This book represents an effort to answer these questions. Müller builds on a long line of theorizing on what are sometimes called the “intrinsic,” as opposed to the “instrumental,” qualities of liberal democracy vis-à -vis authoritarianism. Instrumental justifications for democracy emphasize its immediate policy and material benefits for society while intrinsic justifications highlight the values and principles that make it self-justifying. Müller focuses on the latter but does so with an important twist. His focus is post-Trumpian America, Jair Bolsonaro’s Brazil, Viktor Orbán’s Hungary, and Recep Tayyip Erdogan’s Turkey. Rather than weighing the political virtues of the West against Chinese or Singaporean authoritarian models, Müller’s starting point instead is to distinguish what he calls “real democracy” from Trump, Orban & co.’s variants of “fake” democracy. We see here that Trump’s turns of phrase haunt even the most distinguished of political theorists.Müller’s debate-shaping 2016 book told us what defines “fake democrats,” and this book’s first chapter elaborates this thesis. What ties together the cast of characters—Orbán, Bolsonaro, Erdogan, Trump, Narendra Modi, Jaroslaw Kaczynski, and Benjamin Netanyahu—is that they are all politicians who claim they, and only they, represent the “real people” or the “silent majority.” This basic claim to a “moral monopoly” of the people is pernicious for democracy, Müller powerfully reminds us, because the political opposition can be easily cast as illegitimate and its supporters, even more dangerously, as not part of the “real people.”

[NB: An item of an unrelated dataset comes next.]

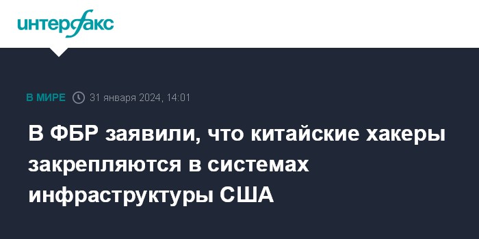 В ФБР заявили, что китайские хакеры закрепляются в системах инфраструктуры США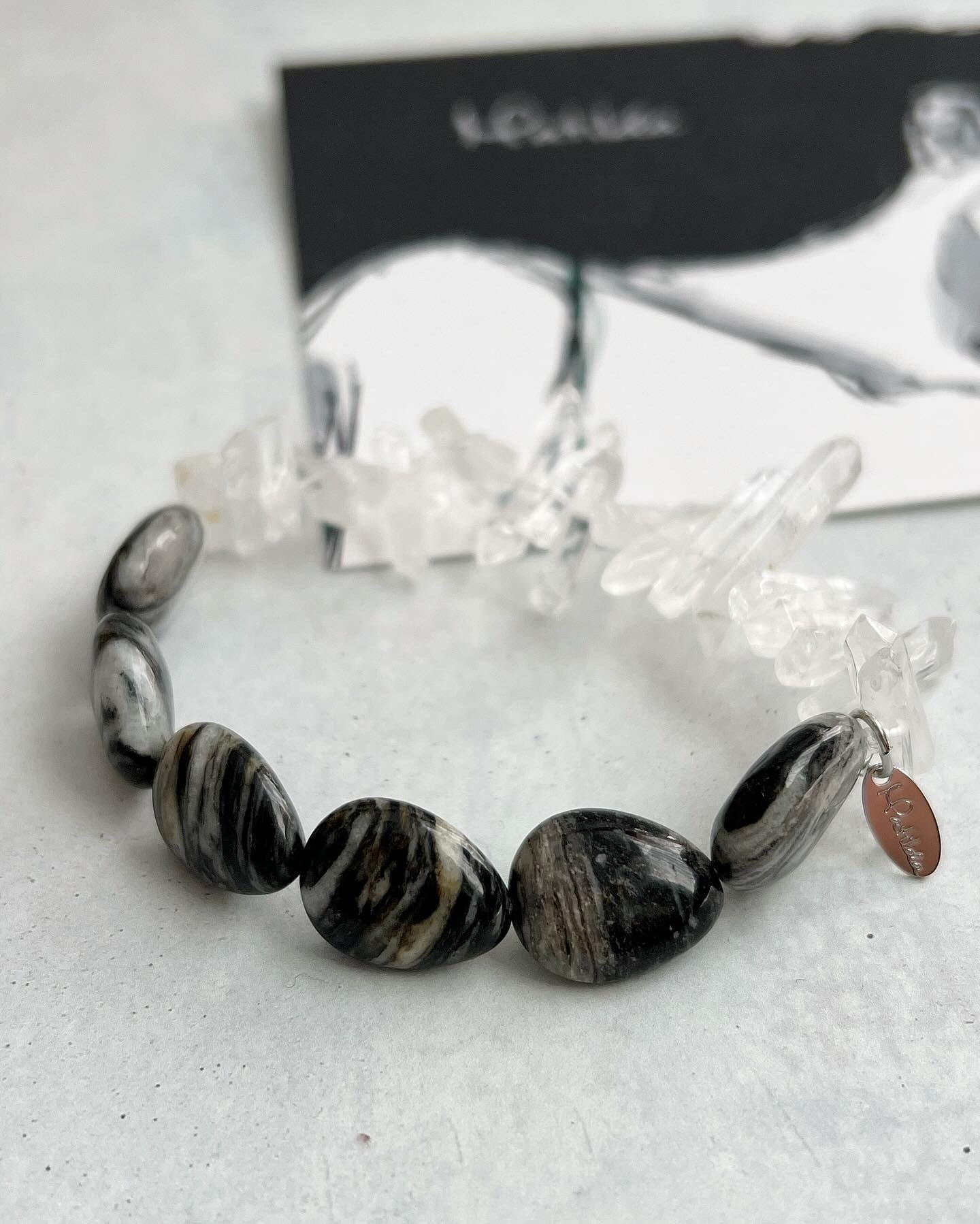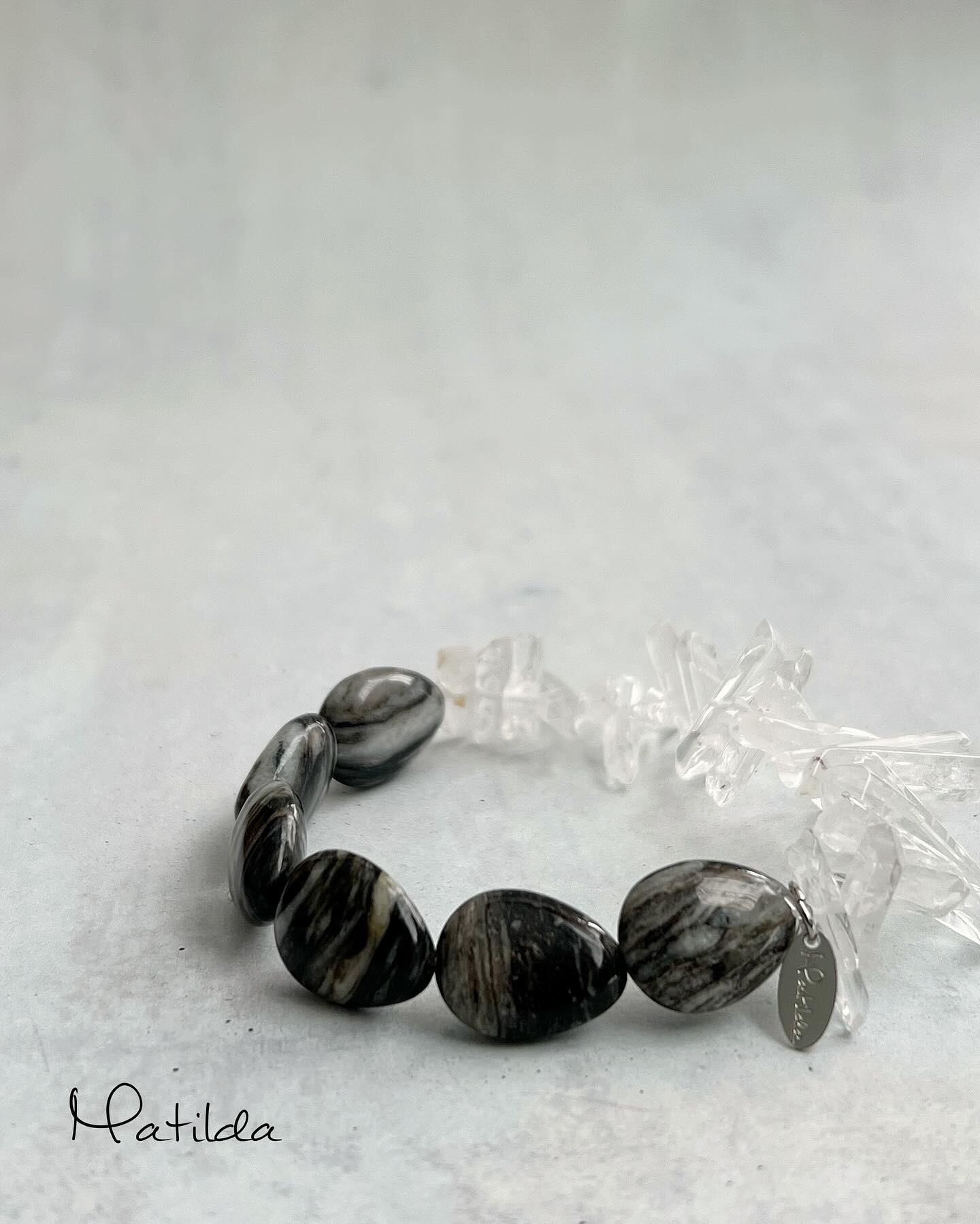 bicolor bracelet(ゼブラジャスパー×クォーツ)

Sounds all very astute. But I guess I shouldn't cut and paste too much. But here's another key paragraph:
The common thread—what we might term the “Müller Insight”—that runs from What is Populism? through to this book is the notion that in a healthy democracy, no group or individual ought to claim to speak exclusively on behalf of “the people.” If politicians or parties do this before an election, they are, in Müller’s view, populists who threaten to poison a democracy. If they do this after an election (the focus of this book), the damage can be even more extensive: A populist who claims to be the only authentic representative of the people also inevitably believes he can lose only if a political system is “corrupt and rotten.” If a populist faces his own demise, he is tempted to demolish the entire system.The review notes that Muller talks a lot about the key role the internet, and the ease with which it allows politicians (and wannabe demagogues) to communicate directly to their followers, spreading disinformation and partisan lies. That this has played an incredibly important role in the parties of the Right is obvious.
There is more at the review worth reading. All good stuff.

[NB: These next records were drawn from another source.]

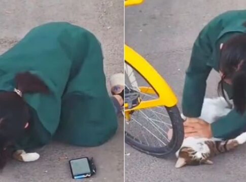 自転車にひかれた猫を救った女性獣医師が心肺蘇生を行い、猫が意識を取り戻した感動の瞬間。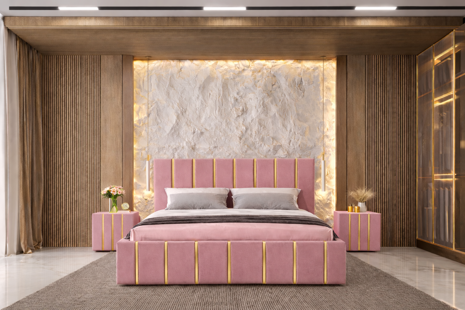 Pat tapitat Hugo 140×200 cm,Roz+ Saltea Superortopedica Gold, grosime 20 cm + Set 2 noptiere Hugo, Roz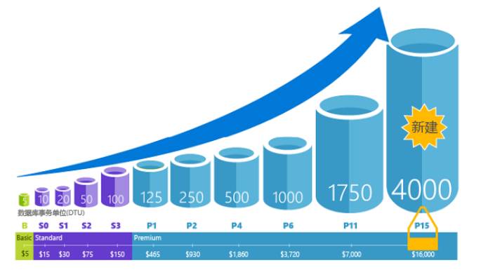 Azure SQL使用了数据库事务单位(DTU)和弹性数据库事务单位(eDTU)来作为一个计量单位。

I liked Noah Smith's latest free substack piece on macroeconomic theory. Not that I have any great understanding of economics, but I still get the feeling that we a living through a theoretical crisis within the field that is not widely recognised yet, probably because economists don't like to admit their academic endeavour is built on sand.
That's my working hypothesis, anyway...
It seems that there is not too much concern that China's property market woes and the collapse of Evergrande can provoke an international financial crisis. Hope they're right.
Here's another article's summary:
Many are concerned that losses would force bondholders to sell other investments or shed riskier assets to raise cash, hurting markets that may seem unrelated. The catchphrase being thrown about is “contagion,” with many worried about tightly connected global markets.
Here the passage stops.